After the Eagles most recent loss on Sunday night to none other than the Dallas Cowboys, the focus and excitement of those fans die-hard enough to stick this season out to the very end centered on the continued growth of Bryce Brown and Nick Foles.
And of course, this is with good reason.
Brown ran with strength, balance, vision, and a decisiveness we haven’t seen out of a running back in many years. He and McCoy combine to give Eagles fans hopes of a dynamic 1-2 punch in the backfield that, fingers crossed, whoever the next coach ends up being will make the focal point of the offense going forward.
Add in that Nick Foles looked calm, focused, physically capable and efficient and there was plenty there to be happy about, even as the inevitable wave of resigned anger washed over those of us still watching as the clock ticked down on consecutive loss number 8.
Of course there were other bright spots as well from the next generation of Eagles; like Damaris Johnsons punt return touchdown in the waning moments, Brandon Grahams active play in place of the recently released Jason Babin which resulted in 4 “stops” and 1.5 sacks, and Riley Coopers continued evolution into, at the very least, a strong number 3 wide receiver and red zone threat.
But to my eyes, the greatest development for the Eagles has to be Dennis Kelly’s continuously improving play at right tackle.
I’m not going to go overboard and claim him to be the next Jon Runyan, though as Sheil Kapadia pointed out earlier today there are some comparisons to be made.
I prefer to take a more long-term view of the situation.
Which essentially is this: with the expected return of both Jason Peters and Todd Herremans next season, Kelly could possibly fill a King Dunlap sized hole on the roster. No one is going to pretend that Dunlap, though he played well in this most recent loss to the Cowboys, is the player the front office would prefer as the swing tackle, and first guy off the bench in case of an offensive line injury.
He’s got size obviously, but his height makes nearly all his movements seem awkward and difficult, which allows both speed rushers to angle their bodies so that his inability to bend his knees renders him nearly useless as they run right around him (this is why he had those hands to the face penalties in the first game against the Cowboys), and leverage guys to easily get under his pads and push him around.

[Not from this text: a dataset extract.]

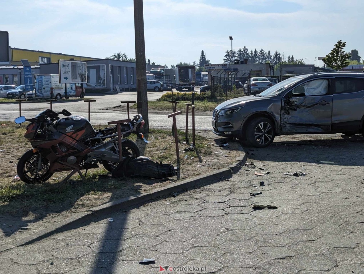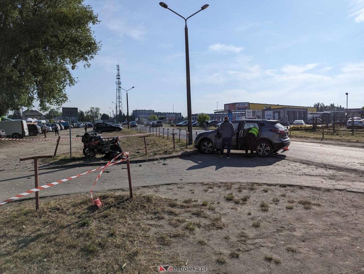 Poważny wypadek na Zawadzkiego “Zośki” w Ostrołęce. W zderzeniu z autem osobowym ucierpiał motocyklista.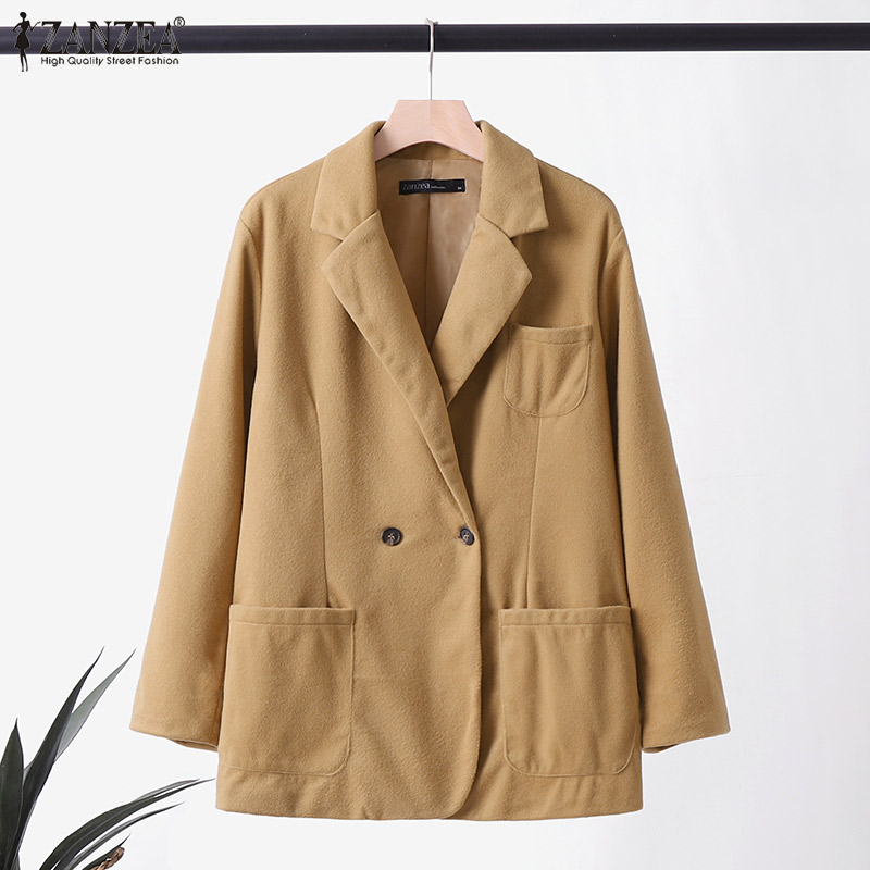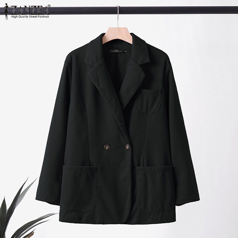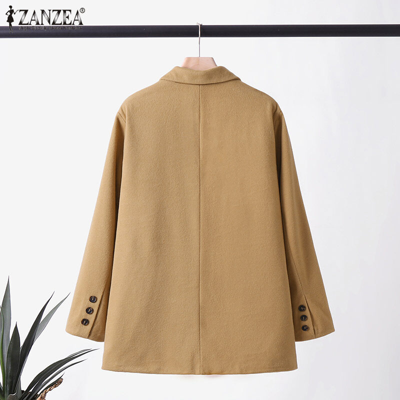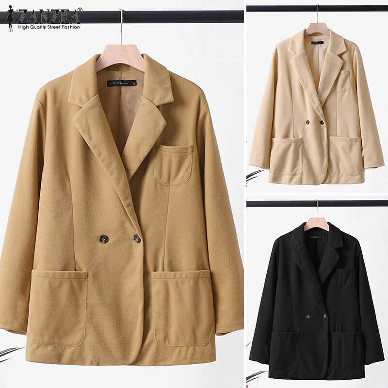 [清仓销售] Zanzea妇女商务长袖按钮上衣正式Opent前夹克纯西装外套#3 CLE

Kelly is big, but not in an awkward sense. His frame is bulky, but he’s clearly got a lot of strength to his lower body, allowing him to anchor. He essentially neutralized Anthony Spencer on Sunday night, holding him to 5 tackles and no sacks.
The best part about Kelly’s development is that it gives the Eagles flexibility. It’s still early, but if you search out mock drafts at this point of the year, many of them have the Eagles taking someone like Luke Joeckel, a tackle out of Texas A&M.
And while Joeckel is very talented and a prospect I wouldn’t be upset to see the Eagles grab, especially considering that Jason Peters will be 31 and Todd Herremans will be 30 by the time the 2013 season starts, if Kelly proves that he’s at the very least a competent back-up, it frees the Eagles to allocate draft resources elsewhere.
Like say, on a defense that’s become historically bad, allowing opposing quarterback’s to roll up a 152.4 rating on third down in the past six games.
There’s even the off chance Kelly’s development could take him into starter territory, allowing Herremans to return to his original NFL position of guard and further strengthening a unit that has become a serious liability this season, lessening the need to spend an early draft pick on an offensive lineman.
Of course, all of this is projection and there’s no telling where Kelly will end up or what type of player he’ll turn out to be. But there’s one thing for certain; this 2012 draft class has the chance to be a once in a lifetime group, with Dennis Kelly just another in a line of guys with bright futures, hopefully, in Eagles green.